- Born: 26 June 1975 (age 50) Pompei, Italy
- Occupation: Fashion designer

= Francesco Scognamiglio =

Italian fashion designer

Francesco Scognamiglio (born 26 June 1975) is an Italian fashion designer and businessman.

== Biography ==
Born in Pompei, the son of a lawyer, Scognamiglio studied at the Istituto Europeo del Design in Naples. After working for Versace, in 1998 he opened his first boutique in his hometown, and in 2000 he made his haute couture debut with a collection presented at Palazzo Barberini in Rome.
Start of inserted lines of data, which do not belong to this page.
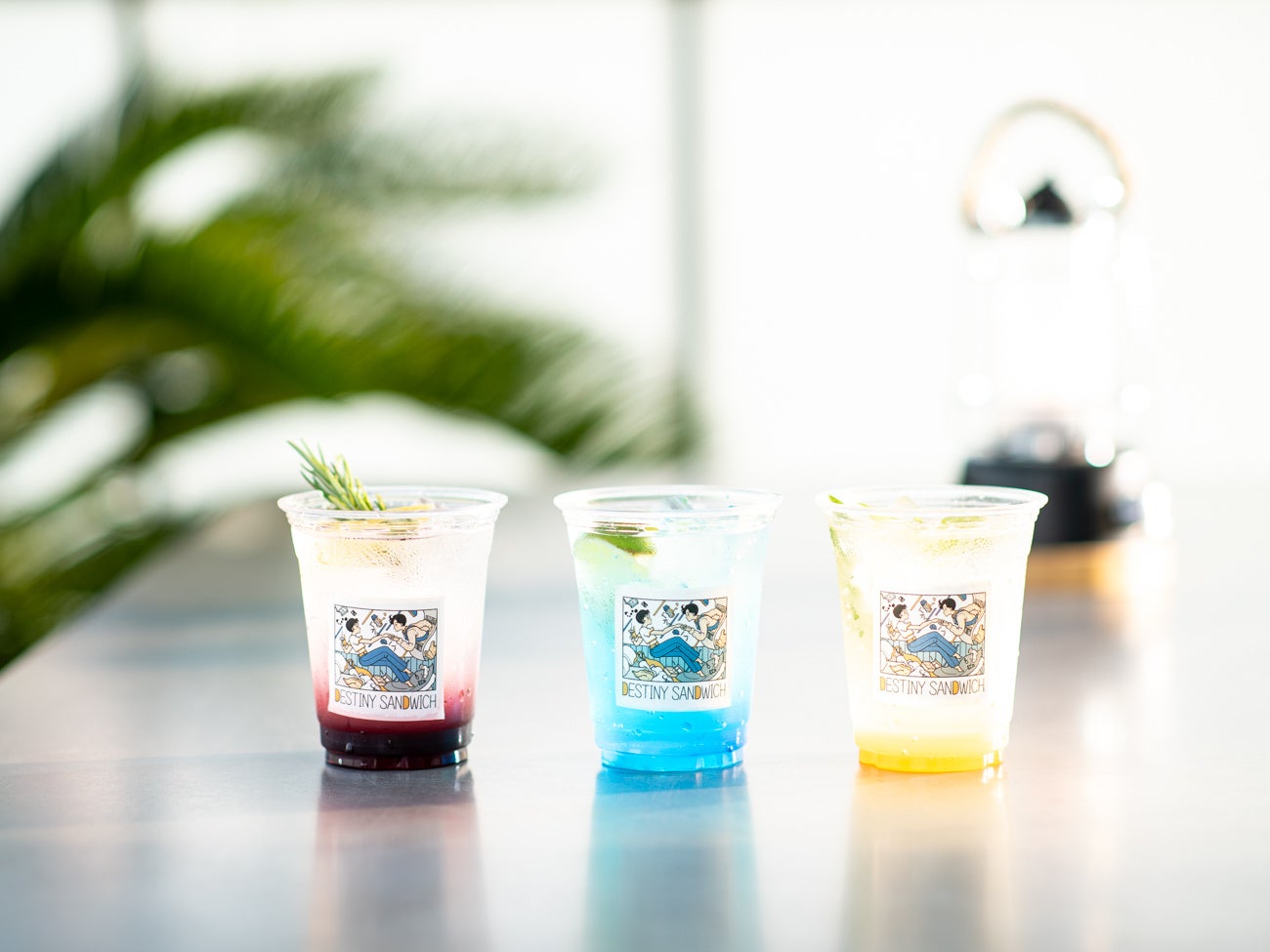 そして今回は7月12日(水)から販売するサンレモ氏初のイラスト本にslash川崎のコラボアートが掲載されることを記念して、販売同日よりホテル内レストラン「slash cafe&bar川崎」にて、本イベント限定の新しいコラボメニューにサンレモ氏をイメージして考案したアメリカンレモネード、バジルレモネードサワー、ノンアルコールジントニックの3種に“DESTINY SANDWICH”のステッカーをカップにデザインしたこの期間だけのコラボドリンクを販売。さらにslash川崎を利用する多くのゲストがホテル滞在中に楽しんでいる“映画”をテーマにしたキャンバス画の展示や“DESTINY SANDWICH“がバックプリントされたオリジナルTシャツやステッカーの2種のグッズを再販致します。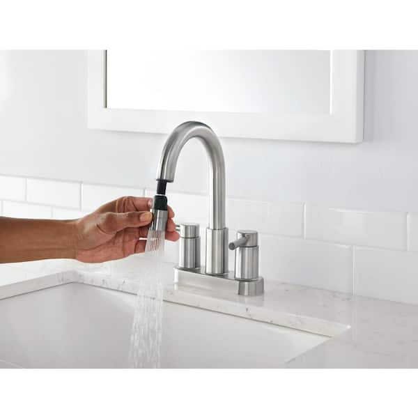 Dorind 4 in. Centerset Double-Handle Pull Down Bathroom Faucet in Brushed Nickel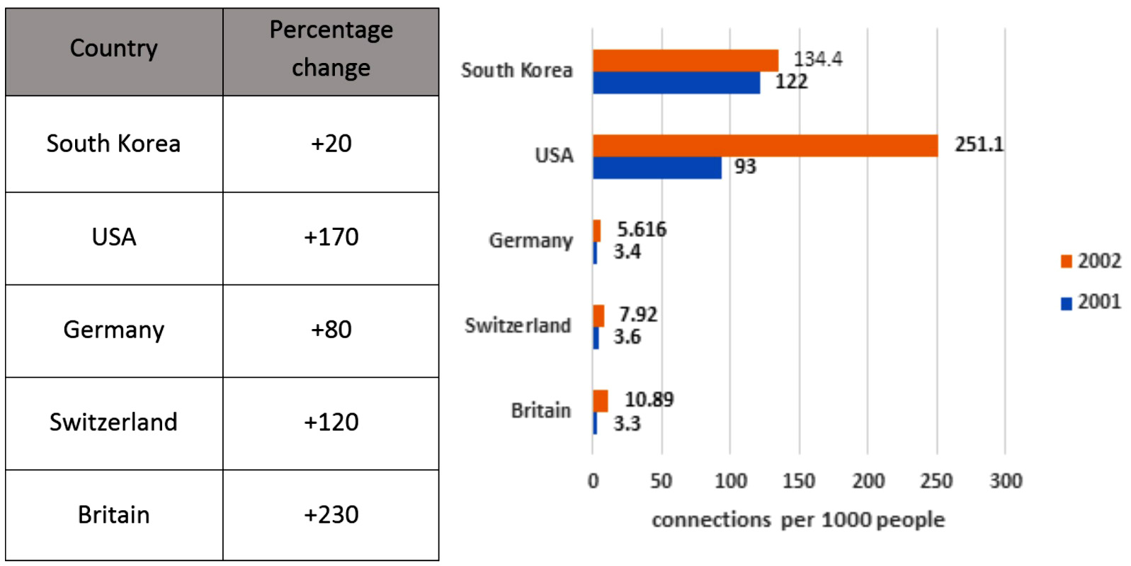 - Task 1: The chart below gives information about the high-speed continuous internet connection of households in five countries in 2001 and 2002.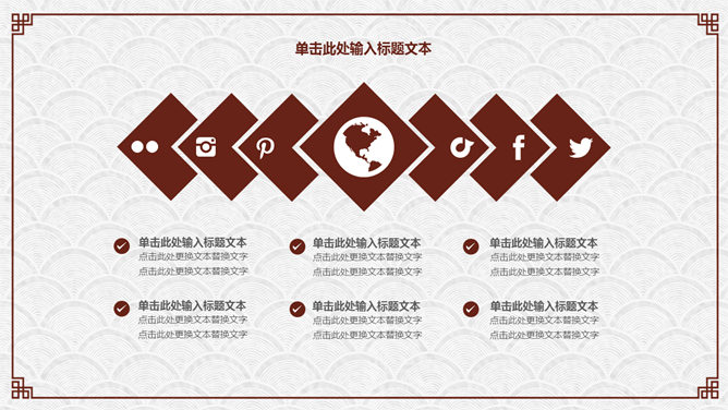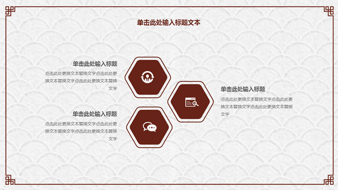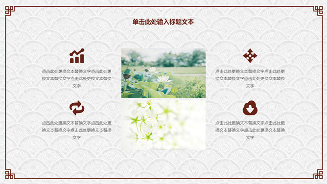 简约古典雅致文艺PPT模板。一套简约古典中国风幻灯片模板,云纹纹理背景,红色梅花装饰,回形纹边框。
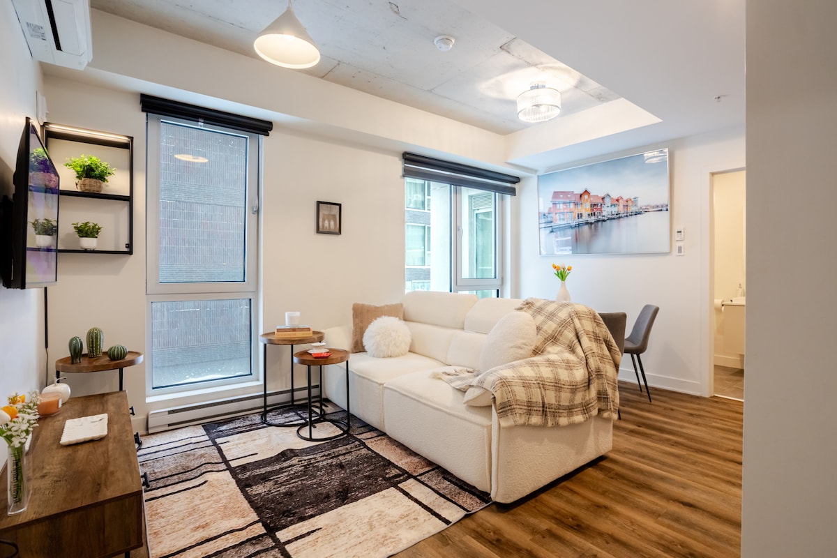활기찬 몬트리올의 트렌디하고 현대적인 가구가 완비된 아파트에 오신 것을 환영합니다. 엔터테인먼트를 위한 스마트 TV를 즐겨보세요. 퀸사이즈 침대가 있는 편안한 침실. 넓고 현대적인 욕실. 집처럼 편안한 느낌을 주는 꼼꼼한 디테일. 시내 중심가에서 몬트리올의 활기찬 리듬을 느껴보세요. 고급 가구가 완비된 아파트. 새로운 생활 공간에 오신 것을 환영합니다.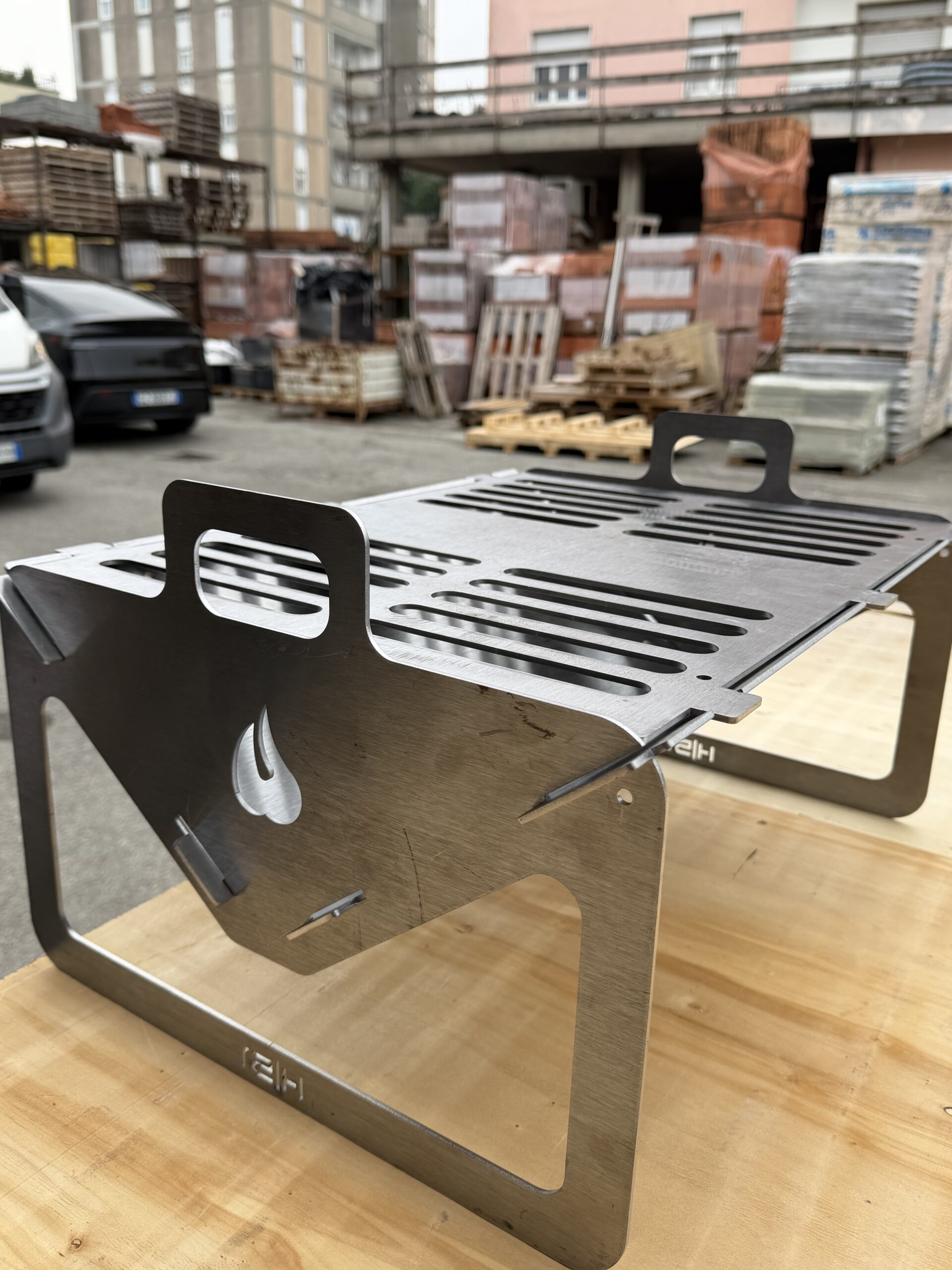 Realizzato interamente in acciaio di alta qualità, è smontabile e portatile, si chiude come una valigia e puoi portarlo ovunque: in montagna, al lago o nel tuo giardino.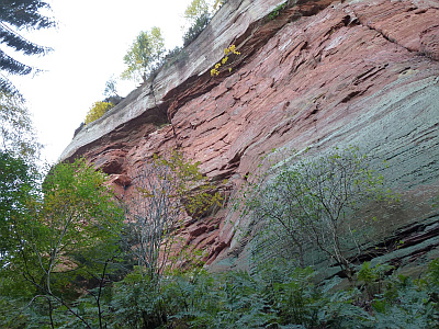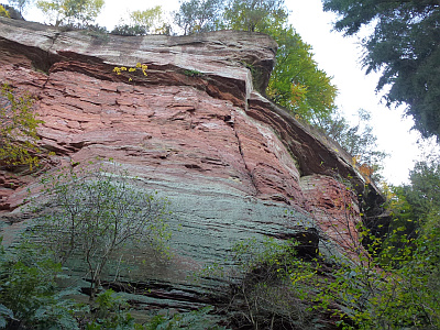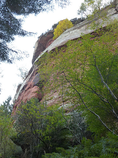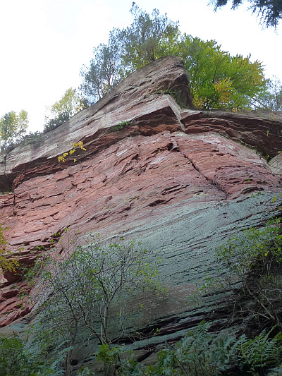 Charakteristisch für das untere Kylltal sind die steilen wand- und rippenartig hervortretenden Wände aus rotem Buntsandstein, die von der erodierenden Kraft des Flusses herausmodelliert .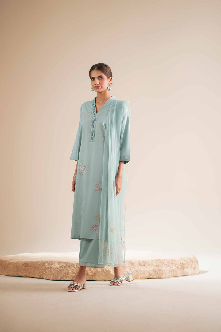 Make your day marvelous by wearing this embroidered three-piece suit from the latest luxury pret summer collection.

In 2009, Scognamiglio launched the male brand Allegri, and in 2013 he founded the Maison Francesco Scognamiglio. In 2021, he sold his brands Francesco Scognamiglio and Maison Francesco Scognamiglio to Y Capital Management and started the haute couture and ready-to-wear brand Monogram. In 2025, he regained ownership of his name-bearing brands.

Celebrities dressed by Scognamiglio include Madonna, Lady Gaga, Rihanna, Beyoncé, Miley Cyrus, Nicole Kidman, Jennifer Lopez, Diane Keaton, Emma Watson, Nicki Minaj, Bjork, Tilda Swinton, Cate Blanchett, Kylie Minogue, Courtney Love, Paris Hilton, Ornella Muti, Zendaya.